Exercise aim: Your copy should begin at the line containing "春天来了!小青蛙睁开睡意朦胧" and end at the last line of the records; transcribe those lines exactly and leave out every picture.

Segment Start: Provided records

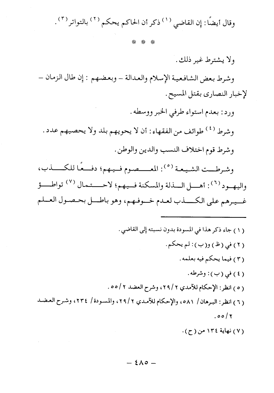 وشرطت الشيعة (٥): المعصوم فيهم؟ دفعًا للكذب، واليهود (٦): أهل الذلة والمسكنة فيهم؛ لاحتمال (٧) تواطؤ غيرهم على الكذب لعدم خوفهم، وهو باطل بحصول العلم
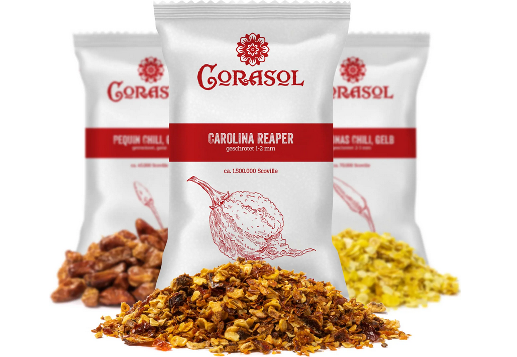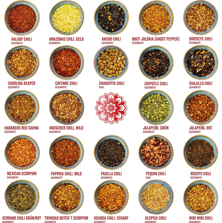 - Vielfältige Aromen: Geniessen Sie 24 besondere Chilisorten von fruchtig-mild bis höllisch scharf! Perfekt für die direkte Verwendung in der Küche als 22 geschrotet sowie 2 ganze getrocknete Chilisorten.
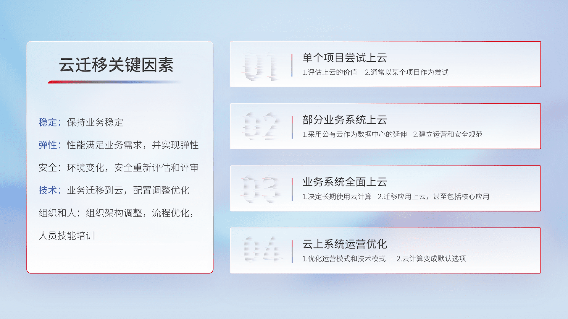 结合实际业务,,,从规划设计、、、云平台选型、、、云原生改造、、数据迁移、、、集成交付,,迁移全过程为客户识别最佳上云路径,,,,做好风险识别管理,,设计网络架构、、、、身份权限、、安全审计合规、、、操作审计、、日志审计、、、、监控告警策略、、多站点容灾设计等,,,对云上基础设施进行整体规划,,,提升IT治理水平,,,,以满足弹性、、高可用、、、、高性能的需求。。。。
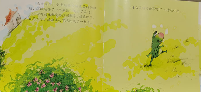 春天来了!小青蛙睁开睡意朦胧的眼睛,深深地伸了一个懒腰,走出了家门。田野村庄都变得热闹起来,桃花红了,杏花开了,绿油油的草地连成了一大片。
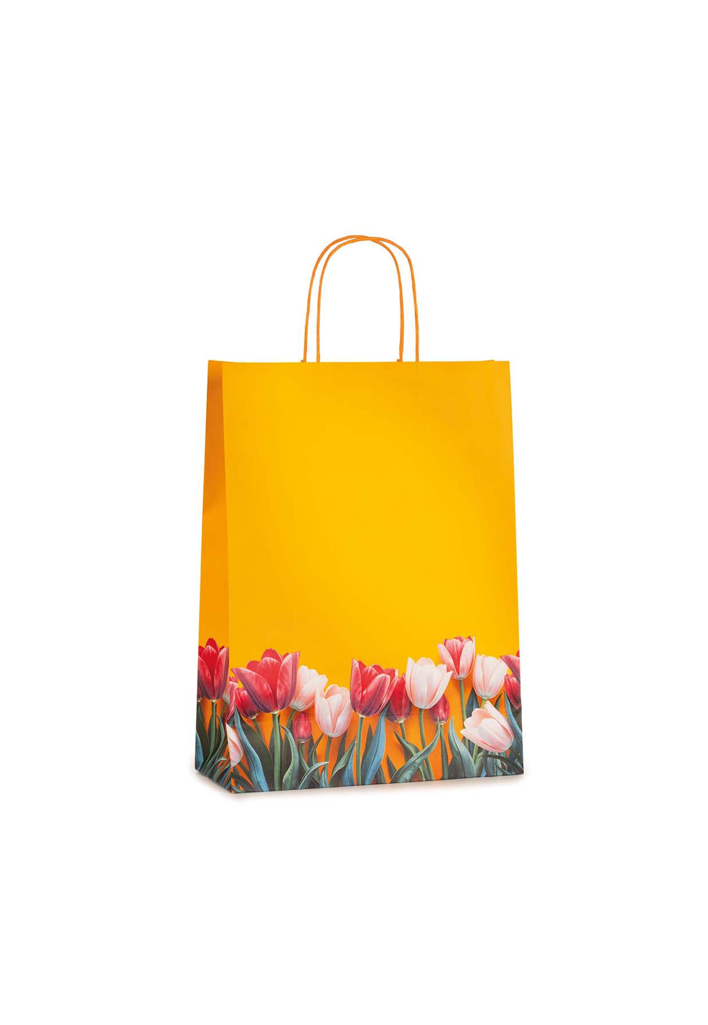 Shopper Carta Tulipani con Maniglia Intrecciata

Segment End: Provided records

Solution for this exercise:
 春天来了!小青蛙睁开睡意朦胧的眼睛,深深地伸了一个懒腰,走出了家门。田野村庄都变得热闹起来,桃花红了,杏花开了,绿油油的草地连成了一大片。
 Shopper Carta Tulipani con Maniglia Intrecciata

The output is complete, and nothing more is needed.